§ **Source data**:
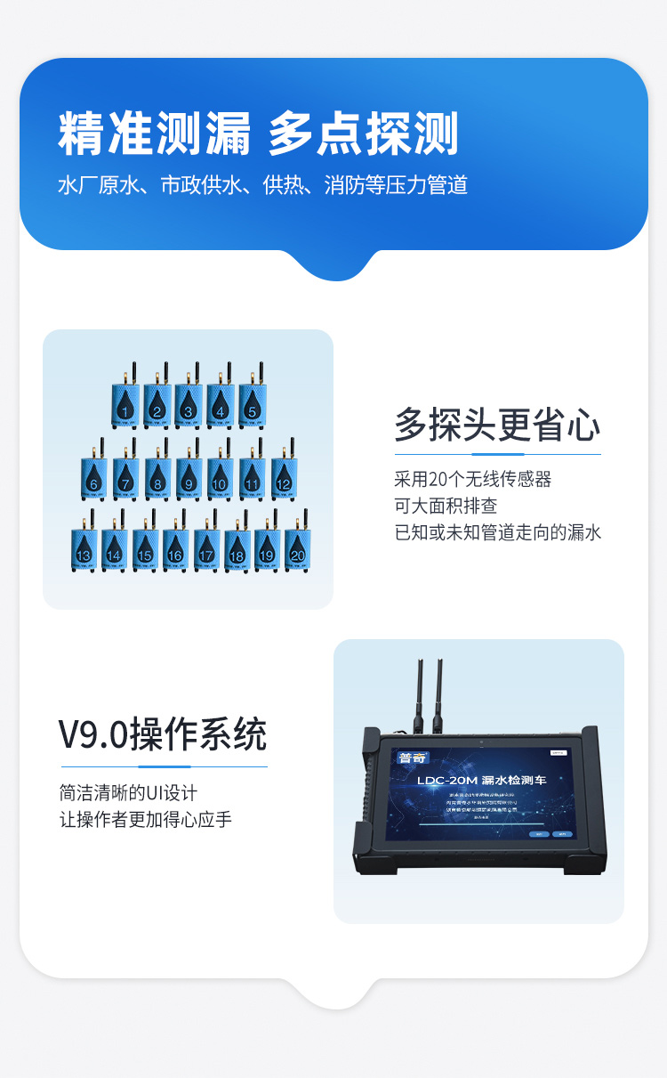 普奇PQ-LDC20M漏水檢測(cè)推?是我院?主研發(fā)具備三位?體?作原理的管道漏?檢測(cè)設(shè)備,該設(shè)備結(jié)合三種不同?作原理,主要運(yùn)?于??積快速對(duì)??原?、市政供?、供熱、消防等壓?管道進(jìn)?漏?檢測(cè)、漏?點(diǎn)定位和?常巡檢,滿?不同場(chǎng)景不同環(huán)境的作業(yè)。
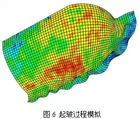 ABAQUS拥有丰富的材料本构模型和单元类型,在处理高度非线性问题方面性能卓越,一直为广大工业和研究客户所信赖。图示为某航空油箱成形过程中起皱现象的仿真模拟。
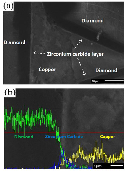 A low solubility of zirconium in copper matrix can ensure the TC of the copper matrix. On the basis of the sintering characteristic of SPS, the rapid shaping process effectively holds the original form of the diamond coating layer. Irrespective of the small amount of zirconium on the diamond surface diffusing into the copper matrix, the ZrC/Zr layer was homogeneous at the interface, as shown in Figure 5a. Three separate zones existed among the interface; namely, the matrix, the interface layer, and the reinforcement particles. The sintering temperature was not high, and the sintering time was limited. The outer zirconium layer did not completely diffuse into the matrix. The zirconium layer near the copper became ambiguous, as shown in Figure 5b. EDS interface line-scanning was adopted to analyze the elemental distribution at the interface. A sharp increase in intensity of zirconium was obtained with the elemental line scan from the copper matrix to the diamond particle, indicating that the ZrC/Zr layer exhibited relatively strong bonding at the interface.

§ **What you need to do**:
Please copy the data above exactly, omitting the pictures.

§ **Written response**:
 普奇PQ-LDC20M漏水檢測(cè)推?是我院?主研發(fā)具備三位?體?作原理的管道漏?檢測(cè)設(shè)備,該設(shè)備結(jié)合三種不同?作原理,主要運(yùn)?于??積快速對(duì)??原?、市政供?、供熱、消防等壓?管道進(jìn)?漏?檢測(cè)、漏?點(diǎn)定位和?常巡檢,滿?不同場(chǎng)景不同環(huán)境的作業(yè)。
 ABAQUS拥有丰富的材料本构模型和单元类型,在处理高度非线性问题方面性能卓越,一直为广大工业和研究客户所信赖。图示为某航空油箱成形过程中起皱现象的仿真模拟。
 A low solubility of zirconium in copper matrix can ensure the TC of the copper matrix. On the basis of the sintering characteristic of SPS, the rapid shaping process effectively holds the original form of the diamond coating layer. Irrespective of the small amount of zirconium on the diamond surface diffusing into the copper matrix, the ZrC/Zr layer was homogeneous at the interface, as shown in Figure 5a. Three separate zones existed among the interface; namely, the matrix, the interface layer, and the reinforcement particles. The sintering temperature was not high, and the sintering time was limited. The outer zirconium layer did not completely diffuse into the matrix. The zirconium layer near the copper became ambiguous, as shown in Figure 5b. EDS interface line-scanning was adopted to analyze the elemental distribution at the interface. A sharp increase in intensity of zirconium was obtained with the elemental line scan from the copper matrix to the diamond particle, indicating that the ZrC/Zr layer exhibited relatively strong bonding at the interface.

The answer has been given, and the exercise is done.